"С "ПОЛЯРОИДОМ" В АДУ: Как получают МБА" - читать интересную книгу автора (Робинсон Питер Марк)

СЕМЬ Сессия: Крестьянский бунт

1 декабря

Я отметил, что сегодня, в первый декабрьский день, температура достигла почти семидесяти градусов[16] и что после того, как рассеялся утренний туман, всю местность залил солнечный свет. Чем ближе сессия, тем сильнее вся эта красота начинает действовать на нервы. У меня нехорошие предчувствия, я устал и подавлен. Хочется дождя со снегом.


Саймон настолько смутила мой дух, что последние две недели семестра я начинал свои дни в 6.30, прямо как она и призывала делать. Я выбирался на пробежку среди промозглых, туманных холмов, потом съедал яичницу-болтунью из пары яиц, подзаряжаясь белком. К 8.00 я уже был в состоянии боевой готовности, это так, но к 8.30 начинал клевать носом, сидя в классе. По вечерам я занимался даже в еще большем одиночестве. То же самое делали и Филипп с Джо. Когда это становилось непереносимым, мы выползали на кухню.

— Хочу на горные лыжи, — регулярно жаловался Филипп. Он страдал не по Швейцарии, а по озеру Тахо.[17]

— Всю жизнь мечтал покататься на лыжах на американском Западе, — говорил Филипп. — В Швейцарии всем известно, что на Сьерра-Невада не такой снег, как у нас, более легкий и глубокий. Вот уже и в газетах пишут, что на Тахо начались первые серьезные снегопады. Но швейцарскому мальчишке надо сидеть в своей комнате и учиться…
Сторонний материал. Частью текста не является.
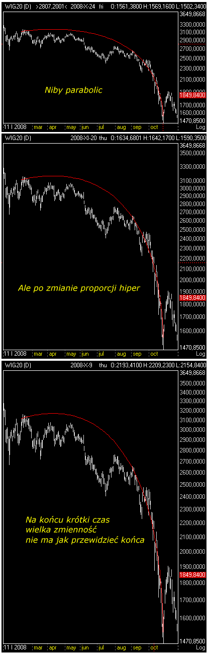 Skippy mam do ciebie taką prośbę - czy mógłbyś bliżej podefiniować jak rysujesz te krzywe? Zacząłem to powoli u siebie rysować i jedno jest dla mnie jasne - to na pewno nie są proste parabole. Ciekawi mnie iloma parametrami możesz ruszać, aby te krzywe dopasowywać. Chciałbym w miarę możliwości sobie to zaprogramować i popróbować na walutach.

Джо кругами ходил по кухне, ладонями сжимая кружку, как в тисках. "Мне надо по первому классу сдать эти экзамены", — повторял он. Джо считал, что получить как можно больше «H» — это серьезный карьерный фактор, хотя Стенфорд запретил корпоративным вербовщикам задавать студентам вопросы про их оценки.

— А-а, да пусть им не разрешается спрашивать напрямую, — спорил Джо. — Но я вам говорю, у них нюх на «Н», будьте спокойны.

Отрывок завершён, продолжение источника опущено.